*About this task:* The result should be an exact copy of only the lines from the one holding "Маленький, но мощный." through the last line of the data below, please, without pictures.

** Opening The data block **

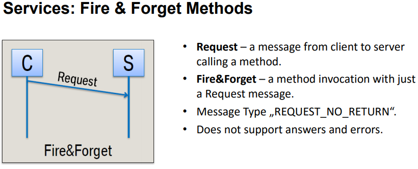 규격에서 제안 하는 SOME/IP 통신 방법은 Request/Response(Method), Fire&Forget, Events, Field 총 4가지 이다.
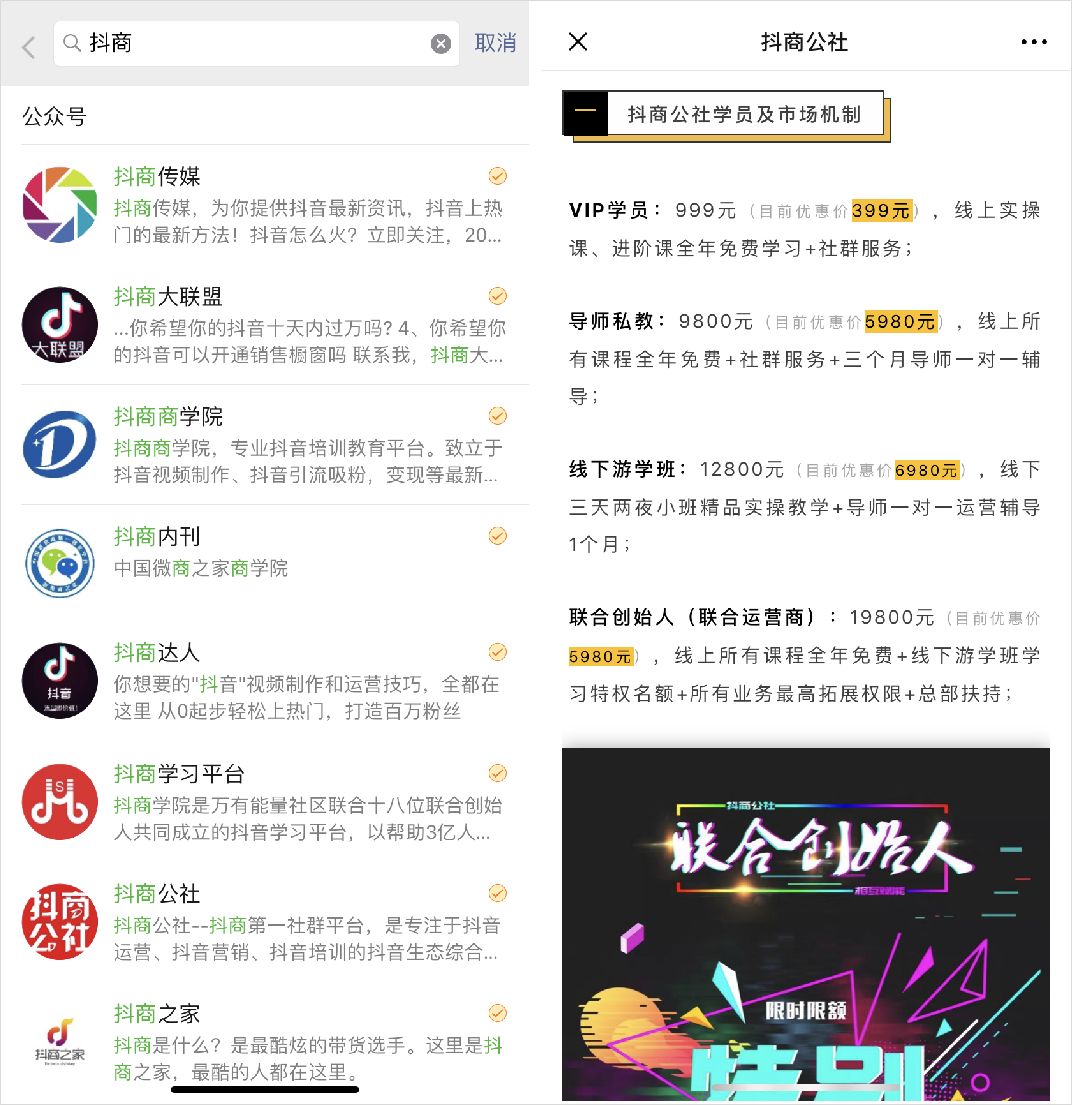 有一些机构,自己手下的账号也就几万粉,连小 V 都算不上,就出来割韭菜了;更有甚者,直接买了别人家的千万粉丝大号来为自己的培训做背书。
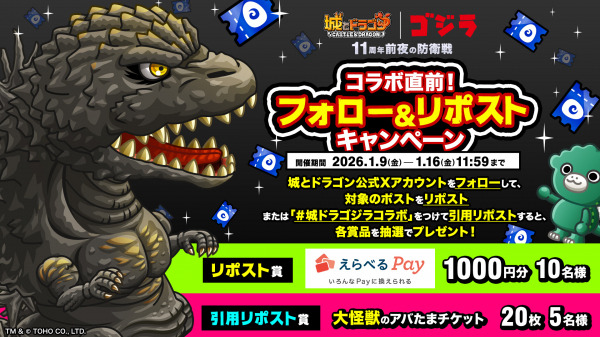 1月16日(金)より『城とドラゴン』11周年間近のスペシャルイベント、『ゴジラ』とのコラボイベントを復刻開催することが決定いたしました。今回は大怪獣に扮した城ドラキャラの激レアお着替えが『城とドラゴン』に登場するほか、「ちびゴジラ」たちのカワイイ剣士お着替えも登場!また1月9日(金)からは公式Xにて「コラボ直前!フォロー&リポストキャンペーン」がコラボに先駆けてスタートいたします。キャンペーンへのご参加お待ちしております!
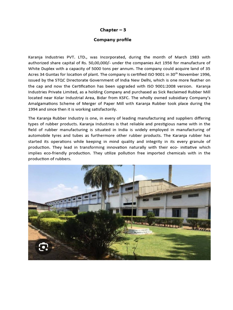 The Karanja Industries Private Limited (Rubber Division) located at Kolar Industrial Area, Bidar.
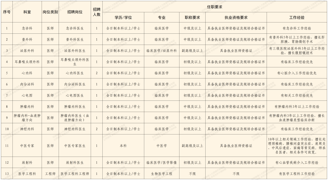 (二)招聘条件1、政治条件:拥护中国共产党的领导,热爱祖国,热爱军队医疗事业,遵纪守法,品行端正,无不良行为记录;2、身体条件:身心健康,外露体表无文身,言行举止得体,体检合格并能胜任本专业工作;3、学历条件:具有招聘岗位所要求的相应学历。全日制硕士及以上人员免笔试直接参加面试,并优先录取;4、资格条件:具有招聘岗位所要求的相应专业技术资格、执业资质。中级及以上职称、有规培证人员免笔试直接参加面试,并优先录取;5、年龄条件:除《招聘岗位》表内明确的详细条件外,应聘初级专业技术岗位,年龄不超过35周岁;应聘中级专业技术岗位,年龄不超过45周岁;应聘高级专业技术岗位,年龄不限。特别优秀的可适当放宽年龄要求。
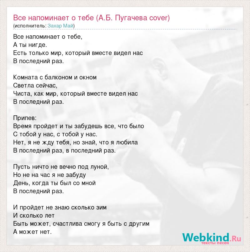А как ты думаешь, о чем песня "Все напоминает о тебе (А.Б. Пугачева cover)" ?
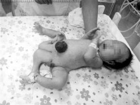 四腿寶寶的肚臍膨出,如一個(gè)深色的肉球,長(zhǎng)有四條腿和兩個(gè)生殖器,其中外面的兩條腿發(fā)育比較好。
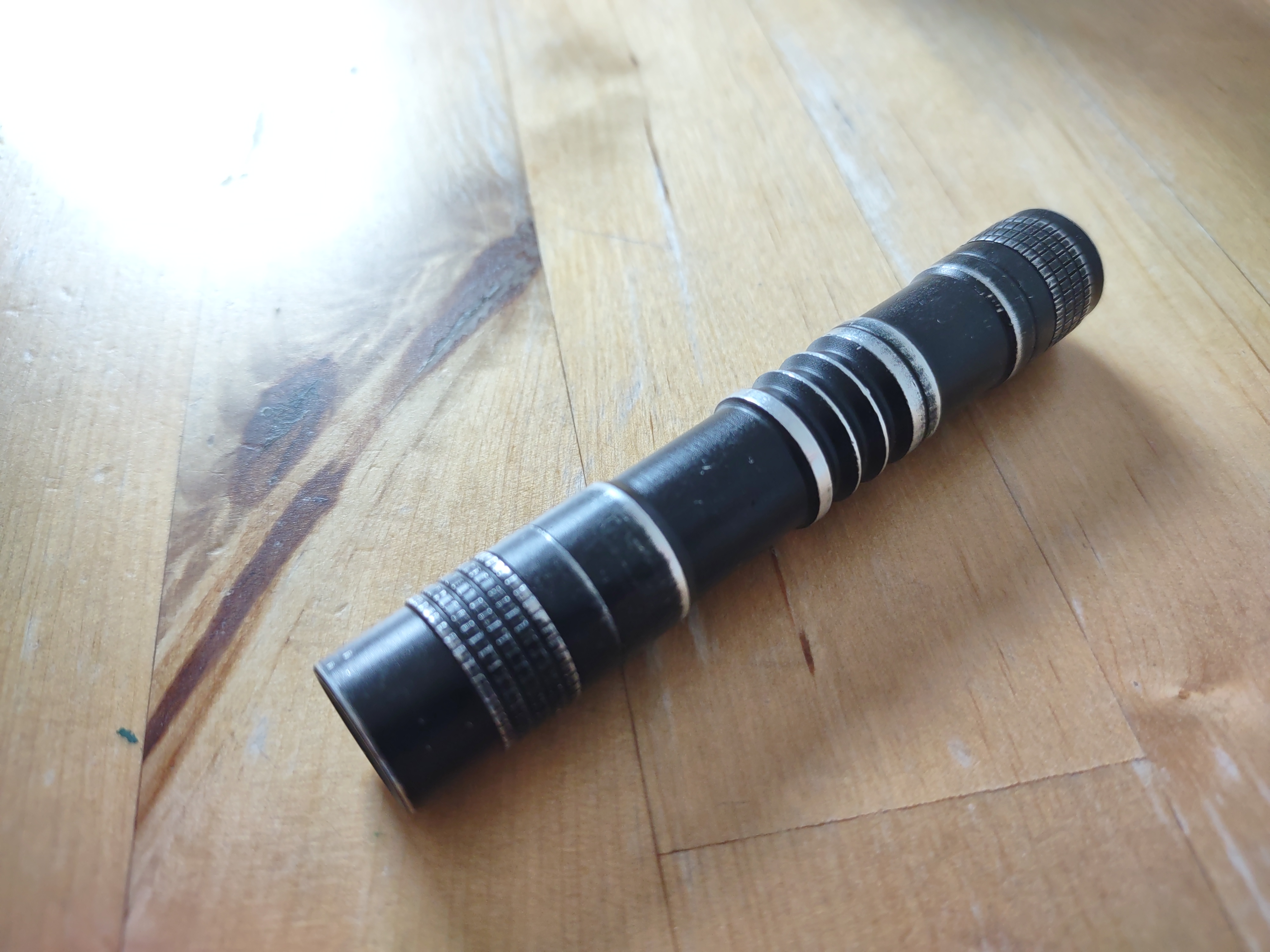 Маленький, но мощный. С двумя лампами на 5000К. Имеет 7 режимов свечения: 3 по яркости + турбо + 3 режима мигания + возможность использования одной из/двух ламп одновременно. Водонепроницаемый, металлический, корпус противоударный, износостойкий, имеет магнит на ручке, так же в комплекте удобный обруч для использования фонарика в качестве налобного. Имеет систему предохранения от перегрева. Заряжается от usb ТуреС, может быть использован в качестве пауербанка.
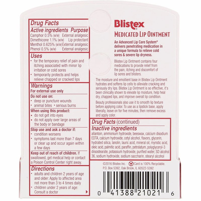 - Serious Relief: Blistex Lip Ointment contains 4 medications to provide relief from the pain, itching and discomfort of lip sores and blisters
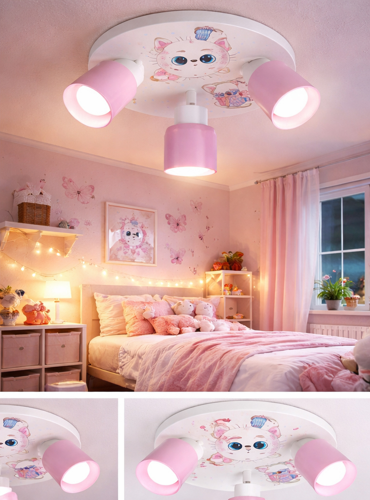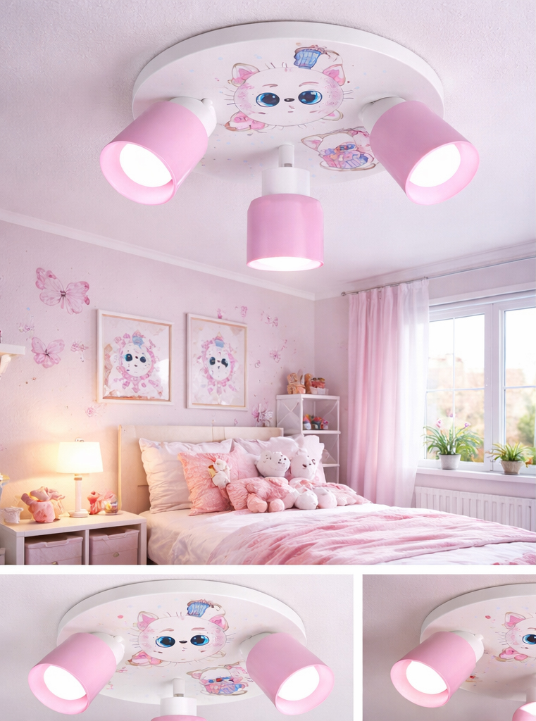 Jeśli szukasz lampy sufitowej do pokoju dziecka z gwintem E27, która połączy funkcjonalność z uroczym, dziewczęcym designem, LumiDreams – Kotek z Babeczką Różowy E27 będzie doskonałym wyborem. To praktyczne, 3-punktowe oświetlenie dziecięce, które stworzy ciepłą i radosną atmosferę każdego dnia.

** Closing The data block **

*Written answer:*
 Маленький, но мощный. С двумя лампами на 5000К. Имеет 7 режимов свечения: 3 по яркости + турбо + 3 режима мигания + возможность использования одной из/двух ламп одновременно. Водонепроницаемый, металлический, корпус противоударный, износостойкий, имеет магнит на ручке, так же в комплекте удобный обруч для использования фонарика в качестве налобного. Имеет систему предохранения от перегрева. Заряжается от usb ТуреС, может быть использован в качестве пауербанка.
 - Serious Relief: Blistex Lip Ointment contains 4 medications to provide relief from the pain, itching and discomfort of lip sores and blisters
 Jeśli szukasz lampy sufitowej do pokoju dziecka z gwintem E27, która połączy funkcjonalność z uroczym, dziewczęcym designem, LumiDreams – Kotek z Babeczką Różowy E27 będzie doskonałym wyborem. To praktyczne, 3-punktowe oświetlenie dziecięce, które stworzy ciepłą i radosną atmosferę każdego dnia.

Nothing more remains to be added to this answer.